South Holland's church bells won't ring in 'celebration' of the UK's departure from the EU
Most clergy in South Holland - the second biggest ‘Vote Leave’ constituency in the UK - are not supporting a call to ring church bells of celebration on February 1.
Leave.EU’s campaign to “let the bells ring for Brexit” struck the wrong chord with church leaders who say bells have in the past been rung at times of national celebration or as a warning.
The Vicar of Spalding, the Rev John Bennett, said: “This topic was raised at our Clergy Chapter meeting last week and we noted the advice of the Central Council of Church Bell Ringers who have said that as a principle they do not endorse bell ringing for political reasons.
“My own view is that it would be equally insensitive to ring bells in celebration with those who are pleased that the UK will be independent of the institutions of the European Union or in mourning with those who feel sad to be losing their rights as members of the EU.
"Healing the divisions in our country will need all of us to recognise the positive and negative effects of the changes that will come with Brexit, both for ourselves and for our neighbours."
Bells will be silent in Holbeach too as the Rev Canon Rosamund Seal said: “No one here has asked me about it and I am content to let the matter rest.
“Historically church bells were rung both at times of celebration but also as a warning and call to arms in times of war so I am not sure how appropriate it would be to be honest.”
The Rev Ian Walters, from Gosberton and Quadring, would be happy for bellringers to mark the moment of Britain’s departure.
He said: “I’d be happy for them to do it, as I’ve never been happy about us being in the EU and therefore most content at the thought of Brexit.”
There are no bells at Gosberton Baptist Church but, if there were, minister Steve Weatherly-Barton says wouldn’t be ringing them.
Mr Weatherly-Barton, also chaplain at Spalding’s Johnson Community Hospital, says: “My own personal response is that whilst the EU has plenty of scope for improvement, Brexit appears to offer no obvious advantages other than a vague assurance that we shall be ‘free’, and that we may see some benefits in 30 years time.
"First-rate immigrants, including teachers, nurses and doctors, have been driven out of the country because they fear for their safety if they remain in Britain; and I wonder if our farmers will have an adequate supply of overseas workers in years to come.
"I notice too that economic assessments suggest that the UKsGDP (gross domestic product) could be as much as seven per cent lower, in a decade, than if the country stayed in the EU.
"Companies in Britain’s aerospace, automotive, chemical, food, and pharmaceutical sectors have all expressed deep concerns about the future.
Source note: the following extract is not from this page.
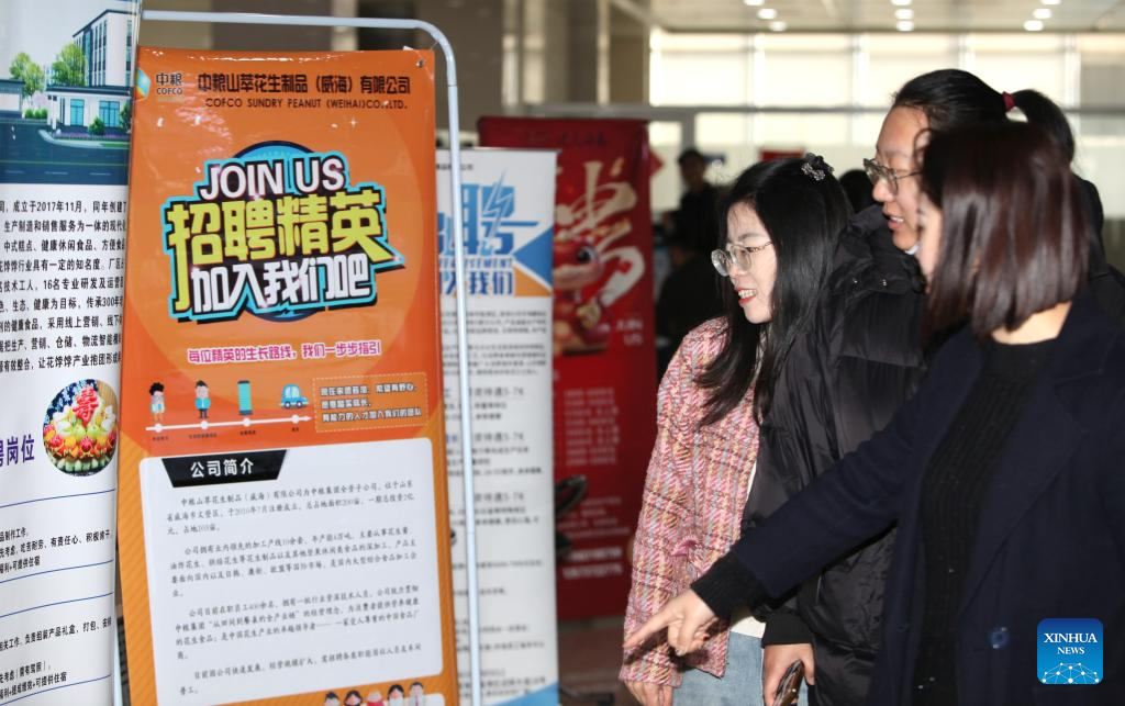 Women look for job opportunities during a job fair held for women in Weihai, east China's Shandong Province, on March 7, 2025. Various activities are held across the country to mark the International Women's Day. (Photo by Chen Hongqing/Xinhua)

And recent opinion polls show a clear change of heart among many who genuinely thought they were voting for a better future.
"So if we had any bells I wouldn’t be ringing them.
The Rev Gareth Atha, vicar of the Elloe Stone Parishes, said: "We wont be ringing our bells to mark the UK leaving the EU.
"Although we are aware that we are in a highly leave supporting area, we also recognise that Brexit has been and remains a very divisive issue.
"I believe that the Church's role is to be politically neutral and be available to all, regardless of their feelings on Brexit."